Copy out exactly the stretch below, from the line with "CONSTRUCTIE: manusa de" through the line with "- Continue to", both included; the pictures stay out.

__Task inputs__:

____

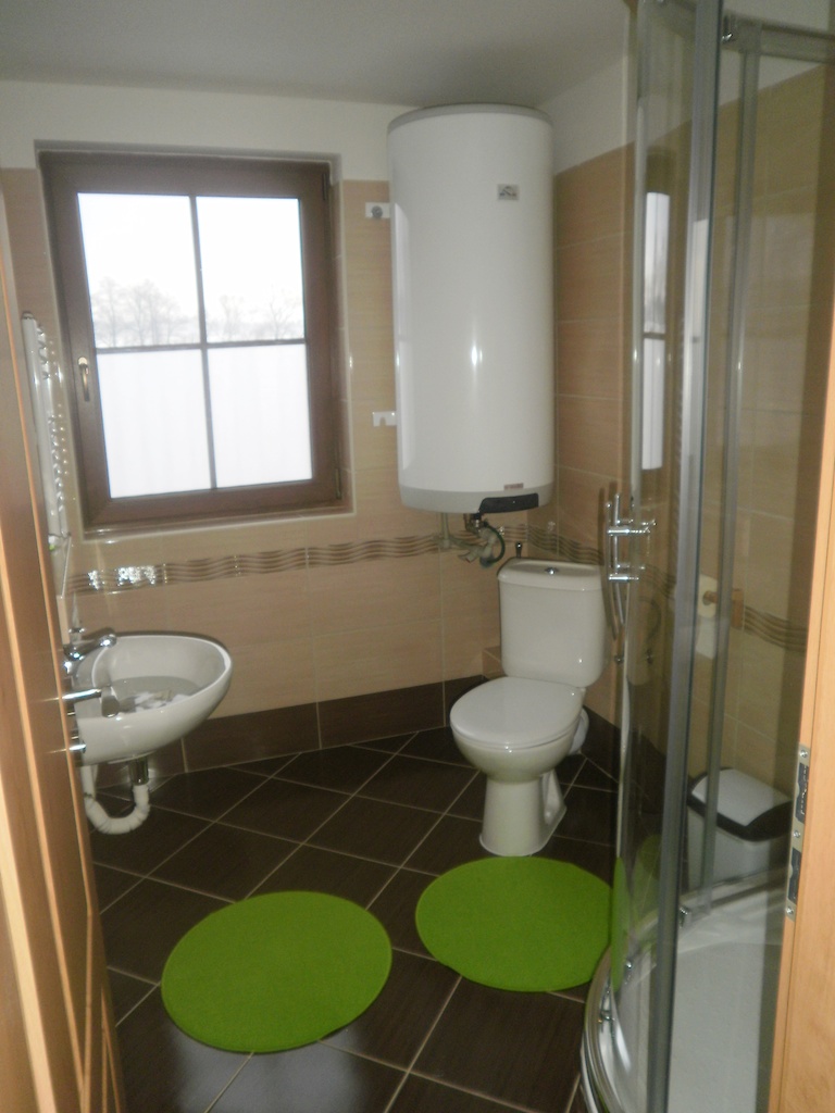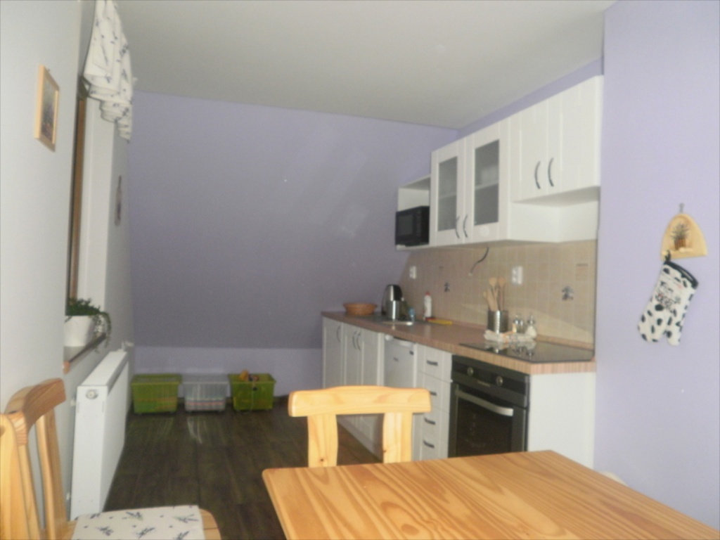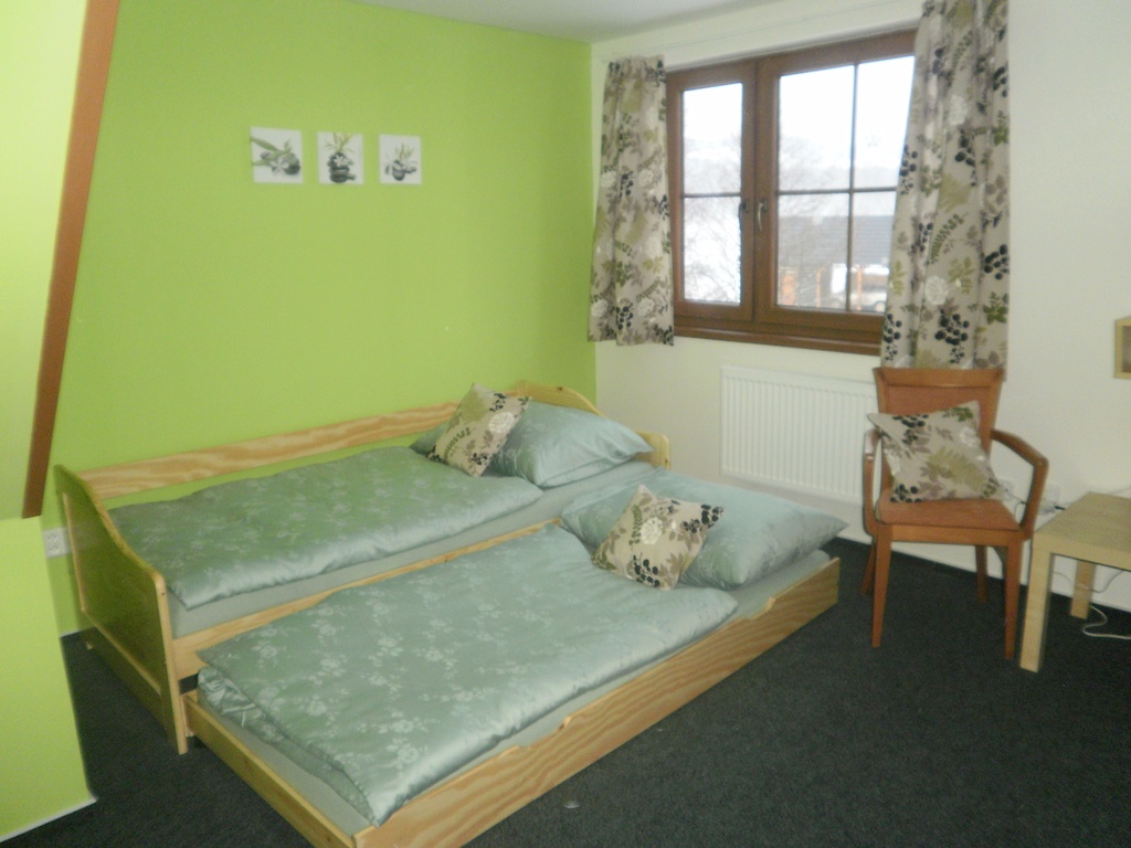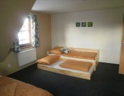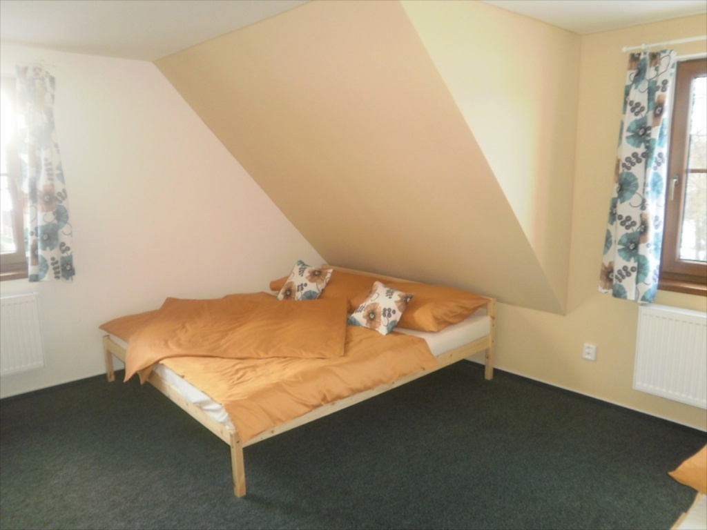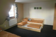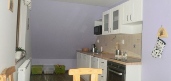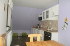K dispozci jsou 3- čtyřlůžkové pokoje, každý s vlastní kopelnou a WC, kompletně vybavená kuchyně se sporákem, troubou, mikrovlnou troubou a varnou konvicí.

____

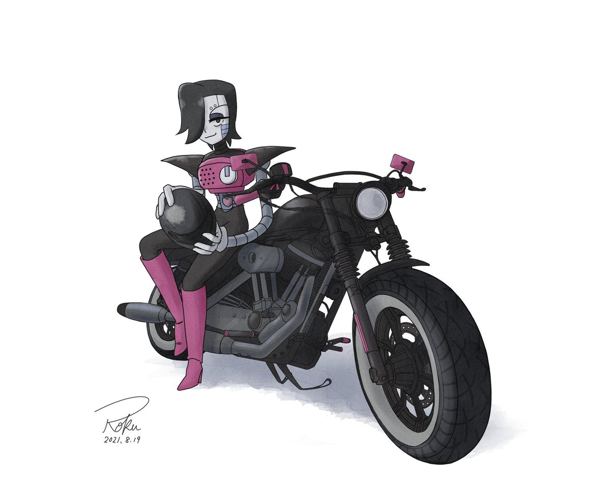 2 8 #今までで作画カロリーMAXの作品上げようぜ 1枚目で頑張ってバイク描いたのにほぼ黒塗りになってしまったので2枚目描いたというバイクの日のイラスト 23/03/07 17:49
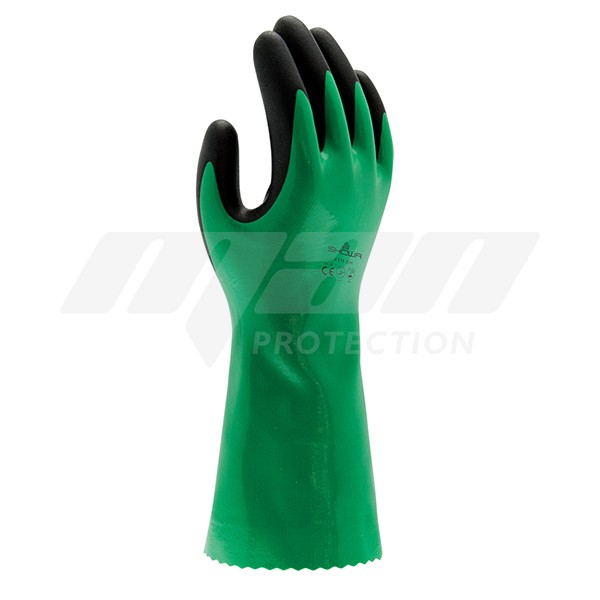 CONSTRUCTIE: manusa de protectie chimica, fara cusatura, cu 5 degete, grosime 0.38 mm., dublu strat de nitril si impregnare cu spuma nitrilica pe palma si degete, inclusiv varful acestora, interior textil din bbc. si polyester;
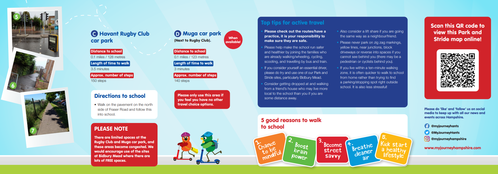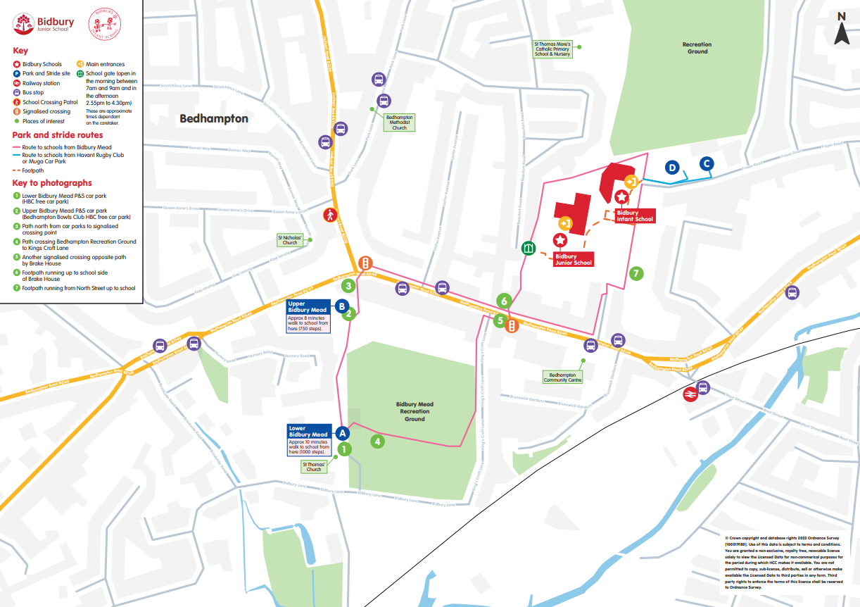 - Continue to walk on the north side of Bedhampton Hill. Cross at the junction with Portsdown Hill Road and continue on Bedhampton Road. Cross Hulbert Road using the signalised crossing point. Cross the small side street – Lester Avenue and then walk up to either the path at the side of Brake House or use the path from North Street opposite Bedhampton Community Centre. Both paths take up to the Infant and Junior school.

____

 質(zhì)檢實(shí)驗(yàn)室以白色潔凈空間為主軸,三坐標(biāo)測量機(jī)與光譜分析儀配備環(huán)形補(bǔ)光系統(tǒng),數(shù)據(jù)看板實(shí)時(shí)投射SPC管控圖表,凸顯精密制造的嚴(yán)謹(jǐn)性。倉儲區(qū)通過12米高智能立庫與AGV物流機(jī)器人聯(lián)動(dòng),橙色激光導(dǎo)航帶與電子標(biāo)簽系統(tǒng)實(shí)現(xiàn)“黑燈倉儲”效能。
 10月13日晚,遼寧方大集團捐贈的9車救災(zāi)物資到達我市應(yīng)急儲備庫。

____

__Task output__:
 CONSTRUCTIE: manusa de protectie chimica, fara cusatura, cu 5 degete, grosime 0.38 mm., dublu strat de nitril si impregnare cu spuma nitrilica pe palma si degete, inclusiv varful acestora, interior textil din bbc. si polyester;
 - Continue to walk on the north side of Bedhampton Hill. Cross at the junction with Portsdown Hill Road and continue on Bedhampton Road. Cross Hulbert Road using the signalised crossing point. Cross the small side street – Lester Avenue and then walk up to either the path at the side of Brake House or use the path from North Street opposite Bedhampton Community Centre. Both paths take up to the Infant and Junior school.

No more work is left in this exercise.